With a mother-and-daughter team at the helm, the oldest of the three Harford County high school dance teams is 5 years old and kicking.
The C. Milton Wright High dance team's season begins next month at a local dance camp and ends after the last competition, usually in April. "We cover all the sport seasons," says dance team coach Alice Fidler.
There are some similarities between the dance team and a cheerleading squad. Both perform at sports events. Both use a variety of musical styles and sometimes pompoms, but that's where the similarities end.
"We are strictly dance," Fidler said. "No gymnastics, [just] technical dance."
The dance team performs at C. Milton Wright football and basketball games as well as community events and parades. With all types of music from "hip-hop to the classics ... from The Doors to disco," says choreographer Andrea Fidler, Alice Fidler's daughter.
For these appearances, the girls have one rule: No vulgarity. Other than that, Andrea Fidler says, "we can pretty much do whatever we want."
Andrea Fidler returns to the team this year after coaching last season. With a background in dance from the University of Delaware, she aims to bring the team up to college level.
Two things make the C. Milton Wright Dance Team distinct, she notes: skills and structure. The team's moves are at the college level, she says.
The structure of the dance team is to surround the girls with professionals. "At the high school level, you don't have coaches who are dancers ... and captains run the team," said Andrea Fidler.
Dance team coach Alice Fidler believes that her team's success comes from discipline and unity. "We have a disciplined program. The girls have a manual that they live by," she said.
The manual details how strikes can prevent a dancer from performing on game day - or worse, bar a dancer from the team. "Three strikes and you're off the team," said Alice Fidler. She has given out five strikes all year to various girls.
As far as unity goes, "on game day, the girls will dress the same for school spirit," Alice Fidler explained. "[They're] a good bunch of girls. ... They all really push each other."
Unity is a key factor in maintaining the success of the dance team. During tryouts, the judges look for girls who blend in, not those who stick out. "They need to really work as a team member. There are no individual styles," said Alice Fidler.
Andrea Fidler added, "Judges look for style difference. The goal is unity and sharpness."
Each year, Wright's coaches tap local middle schools for talent. "There are no junior varsity levels. Eighth-graders have to be in sync by September. By basketball season, they must have the skill level and a fast learning curve," says Andrea Fidler.
The only real requirements for tryouts are that the girls have teacher recommendations and be passing all their classes. This component also figures into their score. Then the top 19 performers are chosen by judges.

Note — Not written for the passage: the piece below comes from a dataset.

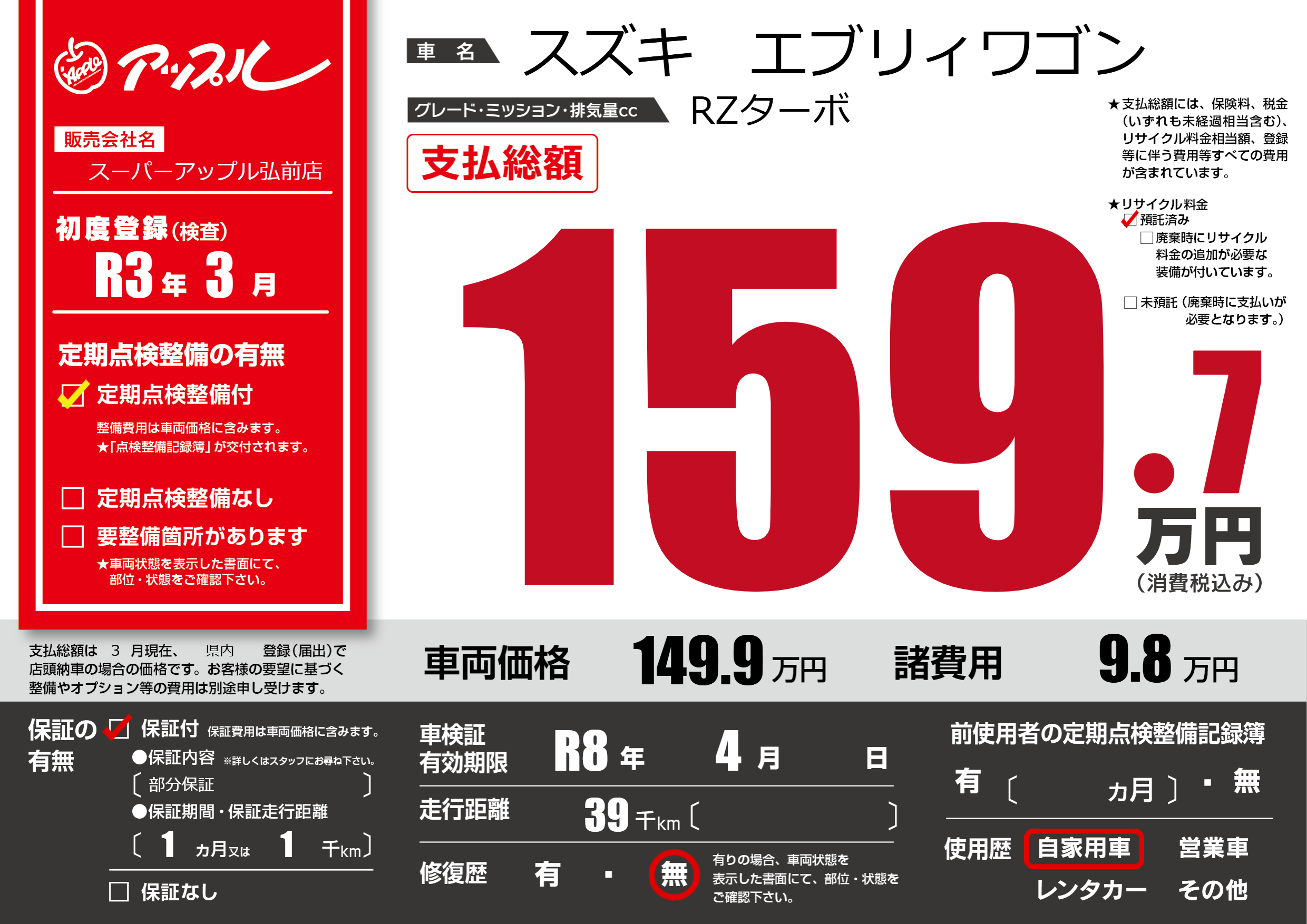 | 走行キロ | 3.9万km | 初年度登録 | R3年3月 |

Unlike other Harford County dance teams, C. Milton Wright's dancers are treated like athletes. After a year, the girls get a varsity letter. They're invited to athlete forums. "Anything athletes are entitled to, the dance team is entitled to," said Alice Fidler.

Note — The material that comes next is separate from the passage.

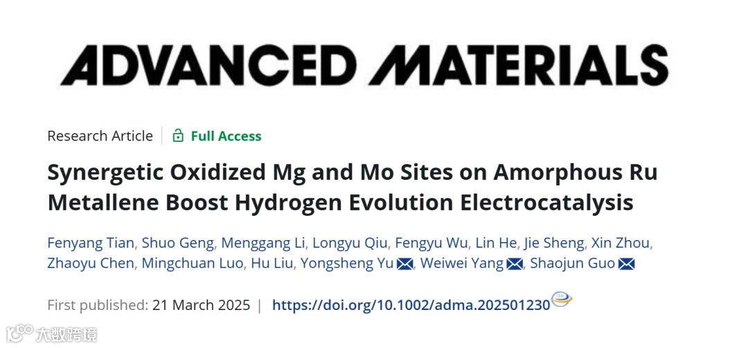 Synergetic Oxidized Mg and Mo Sites on Amorphous Ru Metallene Boost Hydrogen Evolution Electrocatalysis. Adv. Mater. 2025, 2501230.

This year, the girls and their immediate families were given the star treatment. At an awards dinner on a Harbor cruise, girls were given varsity letters, Most Valuable Player and Most Improved pins as well as T-shirts naming their accomplishments and a highlights reel.
Being on the dance team is pricey, especially for competitions. "It is a costly program, but I tell the girls not to let it deter them," said Alice Fidler. "We never had anyone not join because of the cost."
To raise money, team members can sell pizza kits or candles, and the group has bake sales and carwashes.
The dance clinics are the pride of the dance team. This year, 174 girls ranging in ages from 5 to 17 participated in the daylong event. The girls pay a fee to learn a routine, get T- shirts and parent-made pompoms. In the afternoon, they perform for their parents. "Those little girls truly, truly are talented dancers," said Alice Fidler.
The C. Milton Wright dance team closed out a busy season by taking multiple honors at the Myrtle Beach National Dance Alliance. The girls took home first place for jazz and pompom routines. They were also given Grand Champion and Innovative Choreography awards.
Alice Fidler said she has no formal dance training but her love of the dance team pushed her to lead.
"My goal was to keep the program running, to take it a step further and to be a good coach. I've gotten all three accomplished, so I'm satisfied."